Interest Income. Interest income increased $279,000 during the comparative nine--months ended December 31, 2005 and 2004. The increase in interest income resulted primarily from increases of $329,000 in interest received on loans, $4,000 in interest on securities available for sale, $53,000 in interest received on securities held to maturity and $67,000 in interest on other interest earning assets, partially offset by a decrease of $174,000 in interest received on mortgage backed securities.
14
Interest income from loans increased $329,000 or 5.8% to $6.0 million for the nine-months ended December 31, 2005 from $5.7 million for the nine-months ended December 31, 2004. The average balance of loans outstanding increased by $5.7 million to $122.9 million for the nine-months ended December 31, 2005 from $117.2 million for the nine-months ended December 31, 2005. In addition, the average yield on loans increased 6 basis points to 6.54% for the nine--months ended December 31, 2005 from 6.48% for the nine-months ended December 31, 2004.
Interest income from securities available for sale increased $4,000 or 3.8% to $109,000 for the nine-months ended December 31, 2005 from $105,000 for the nine-months ended December 31, 2004. The increase was due principally to an increase in the average yield of 14 basis points to 5.14% from 5.00%.
Interest income on securities held to maturity increased $53,000 or 62.4% to $138,000 for the nine-months ended December 31, 2005 from $85,000 for the nine-months ended December 31, 2004. The increase was due to an increase of $1.4 million in the average balance of investment securities held to maturity to $3.2 million for the nine-months ended December 31, 2005 from $1.8 million in the comparable period in 2004, partially offset by a decrease in the average yield of 38 basis points to 5.75% from 6.13% for the respective periods.
Interest income on other interest earning assets increased $67,000 or 90.5% to $141,000 for the nine-months ended December 31, 2005 from $74,000 for the same period in 2004. The increase was due to an increase of 254 basis points in the average yield to 4.04% from 1.50%, partially offset by a decrease in the average balance of other interest earning assets of $1.9 million or 28.8% to $4.7 million for the nine-months ended December 31, 2005 from $6.6 million for the nine-months ended December 31, 2004.

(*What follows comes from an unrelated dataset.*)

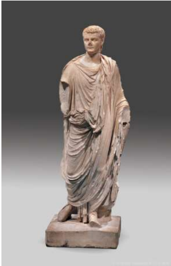
Figure 1: The focus of the project: the marble statue of Caligula in the Virginia Museum of Fine Arts. The Arthur D. and Margaret Glasgow Fund, 71.20. For additional views of the statue, please see figures 5-9 in Appendix III.

This project aims to increase scholarly and public understanding of one of the most important works of Roman art in an American public collection: the over life-size statue of the Emperor Caligula in the Virginia Museum of Fine Arts in Richmond, Virginia (figure 1). The goals of the project are to: (1) undertake new interdisciplinary and technical studies of the Richmond Caligula; (2) present our preliminary findings at a public conference; and (3) make the final results available at no cost over the Internet.

Interest income from mortgage-backed securities decreased $174,000 or 12.7% to $1.2 million for the nine-months ended December 31, 2005 from $1.4 million for the same period in 2004. The decrease was due to a decrease of $7.2 million or 15.7% in average mortgage-backed securities to $38.6 million for the nine-months ended December 31, 2005 from 45.8 million for the nine-months ended December 31, 2004, partially offset by an increase in the average yield on mortgage-backed securities of 14 basis point to 4.14% for the nine-months ended December 31, 2005 from 4.00% for the nine-months ended December 31, 2004.
Interest Expense. Total interest expense increased by $346,000 or 16.4% to $2.5 million for the nine-months ended December 31, 2005 from $2.1 million for the nine-months ended December 31, 2004. The increase in interest expense resulted primarily from an increase in the average cost of interest bearing liabilities of 36 basis points to 2.23% from 1.87%, partially offset by a $3.2 million decrease in the average balance of interest bearing liabilities to $147.3 million from $150.5 million.
Interest expense on deposits increased $188,000 or 15.1% to $1.4 million for the nine-months ended December 31, 2005 from $1.2 million for the nine-months ended December 31, 2004. Although the average balance of certificate of deposit accounts decreased $1.3 million to $53.2 million for the nine-months ended December 31, 2005, from $54.5 million for the nine-months ended December 31, 2004 the average cost on such accounts increased to 2.62% from 2.19%. In addition, the average cost of transaction and savings deposits increased 12 basis points to 1.02% for the nine-months ended
15
December 31, 2005, from $0.90% for the nine-months ended December 31, 2004, although the average balance of such accounts decreased $1.3 million to $51.3 million from $52.6 million.
Interest expense on Federal Home Loan Bank of New York (FHLB) advances was $1.0 million for the nine-months ended December 31, 2005, an increase of $157,000 from the $854,000 recorded in the nine-months ended December 31, 2004. Although, average FHLB advances decreased to $41.8 million for the nine-months ended December 31, 2005 from $42.5 million in the prior comparative period, the average cost of such FHLB advances increased 55 basis points to 3.23% from 2.68%.
Net Interest Income. Net interest income decreased $67,000 or 1.3% to $5.16 million for the nine-months ended December 31, 2005 from $5.22 million for the nine-months ended December 31, 2004. The decrease in our net interest income for the nine-months ended December 31, 2005 compared to the prior nine-month period is primarily attributable to a $2.0 million decrease in average interest earning assets, as well as a 7 basis point decrease in our net interest spread to 3.67% from 3.74%. Our net interest margin for the nine-months ended December 31, 2005 compared to the prior period decreased 1 basis point to 3.99% from 4.00%.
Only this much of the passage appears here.